**The problem**: Print each entry again exactly as written, and keep the pictures out.

*** Opening of Data provided ***

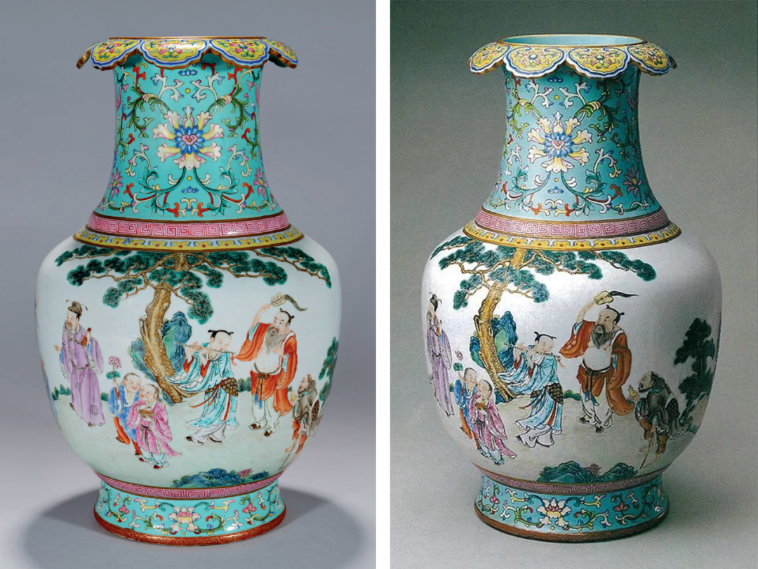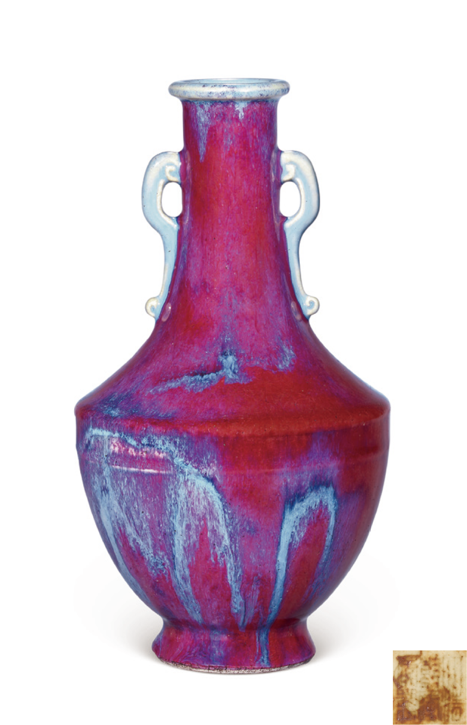 有一例与本器酷似之转心瓶曾先后上拍纽约佳士得与香港苏富比。此二者密切关联。与此器物相似的洋彩加单色釉非转心瓶,尚有一件曾于1989年售于纽约苏富比,为洋彩炉钧釉,可供参考。而洋彩炉钧釉的转心瓶版本曾于2011年售于香港苏富比,2021年再次售于北京保利拍卖秋拍,编号5537,成交价为82,225,000人民币。北京保利拍卖,2021年12月05日,编号5537,成交价:82,225,000人民币在 S.W. Bushell,《Oriental Ceramic Art》,伦敦,1896年,图版108中可见一洋彩炉钧釉双象首瓶,亦不可转动。S.W. Bushell,《Oriental Ceramic Art》,伦敦,1896年,图版108
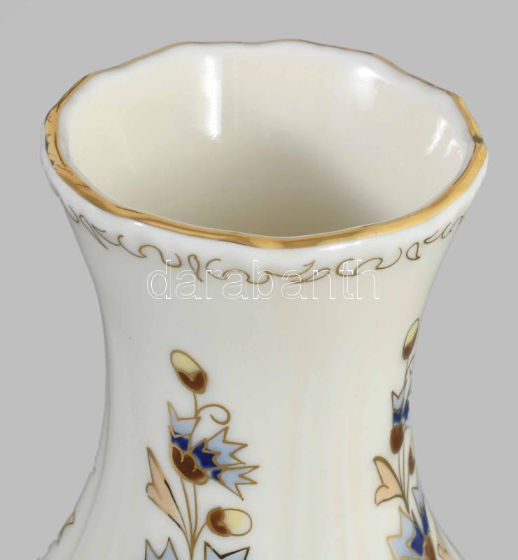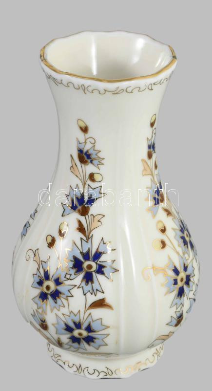 Zsolnay porcelán búzavirág mintás váza, kézzel festett, jelzett, hibátlan, m: 17 cm
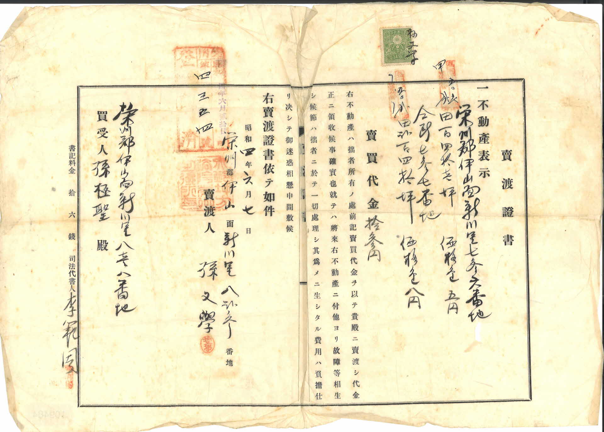 | 기록물명 | 소화4년 부동산 매도증서 | ||
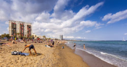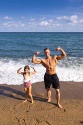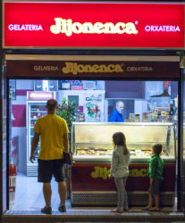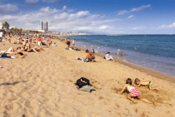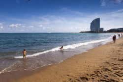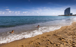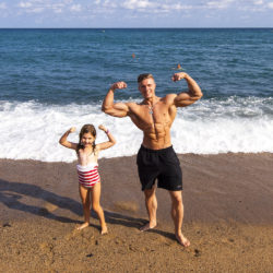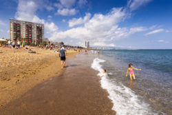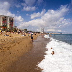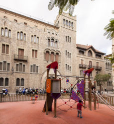 We took an early train to the Basque country after our night in Sants, an awesome week of food, sun, beaches and culture up there in northern Spain. Upon returning to Barcelona we moved base to another apartment hotel in the heart of the Gothic Quarter, quite a strikingly different feel to laid back Sants in central Barcelona. Endless traffic, a heavy tourism influence and throngs of people everywhere… We headed to the beach for a swim in the Mediterranean, I’d hate to see the city beaches in the peak of summer: even on a Thursday afternoon in late September the sand was absolutely packed. Kids had a ball paddling in the surf and catching a wave here and there, an ideal spot for people watching with everything from Africans hawking fabrics, to scantily clad locals, and even Middle Easterners peddling cocktails and bar snacks. Both kids were mesmerized by a group of three Russian bodybuilders on the beach near where we’d set up camp for the afternoon, Lilia eventually mustered the courage to ask one of them to flex next to her, he was quite happy to oblige. Classic.
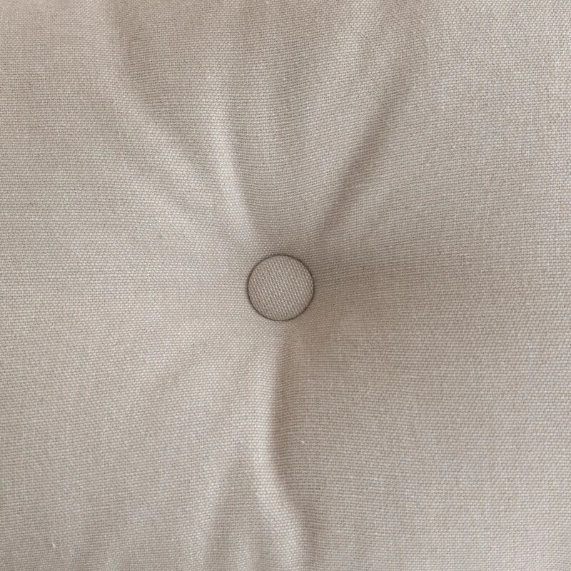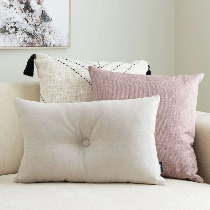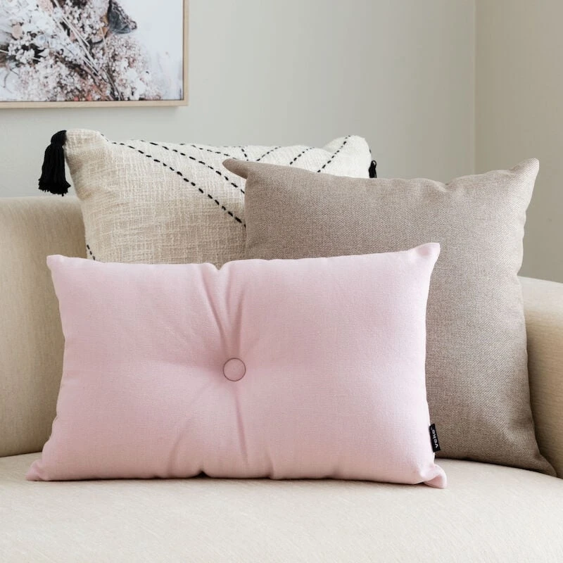 Tiuku koristetyyny on valmistettu vahvasta puuvillakankaasta, jonka eläväinen pinta on kudottu kahdesta lankaväristä. Söpössä tyynyssä on samalla kankaalla päällystetty nappi keskellä. Tyynyn voi vesipestä kokonaisena, pelkkää päällistä ei voi irrottaa.

*** Close of Data provided ***

**Response**:
 有一例与本器酷似之转心瓶曾先后上拍纽约佳士得与香港苏富比。此二者密切关联。与此器物相似的洋彩加单色釉非转心瓶,尚有一件曾于1989年售于纽约苏富比,为洋彩炉钧釉,可供参考。而洋彩炉钧釉的转心瓶版本曾于2011年售于香港苏富比,2021年再次售于北京保利拍卖秋拍,编号5537,成交价为82,225,000人民币。北京保利拍卖,2021年12月05日,编号5537,成交价:82,225,000人民币在 S.W. Bushell,《Oriental Ceramic Art》,伦敦,1896年,图版108中可见一洋彩炉钧釉双象首瓶,亦不可转动。S.W. Bushell,《Oriental Ceramic Art》,伦敦,1896年,图版108
 Zsolnay porcelán búzavirág mintás váza, kézzel festett, jelzett, hibátlan, m: 17 cm
 | 기록물명 | 소화4년 부동산 매도증서 | ||
 We took an early train to the Basque country after our night in Sants, an awesome week of food, sun, beaches and culture up there in northern Spain. Upon returning to Barcelona we moved base to another apartment hotel in the heart of the Gothic Quarter, quite a strikingly different feel to laid back Sants in central Barcelona. Endless traffic, a heavy tourism influence and throngs of people everywhere… We headed to the beach for a swim in the Mediterranean, I’d hate to see the city beaches in the peak of summer: even on a Thursday afternoon in late September the sand was absolutely packed. Kids had a ball paddling in the surf and catching a wave here and there, an ideal spot for people watching with everything from Africans hawking fabrics, to scantily clad locals, and even Middle Easterners peddling cocktails and bar snacks. Both kids were mesmerized by a group of three Russian bodybuilders on the beach near where we’d set up camp for the afternoon, Lilia eventually mustered the courage to ask one of them to flex next to her, he was quite happy to oblige. Classic.
 Tiuku koristetyyny on valmistettu vahvasta puuvillakankaasta, jonka eläväinen pinta on kudottu kahdesta lankaväristä. Söpössä tyynyssä on samalla kankaalla päällystetty nappi keskellä. Tyynyn voi vesipestä kokonaisena, pelkkää päällistä ei voi irrottaa.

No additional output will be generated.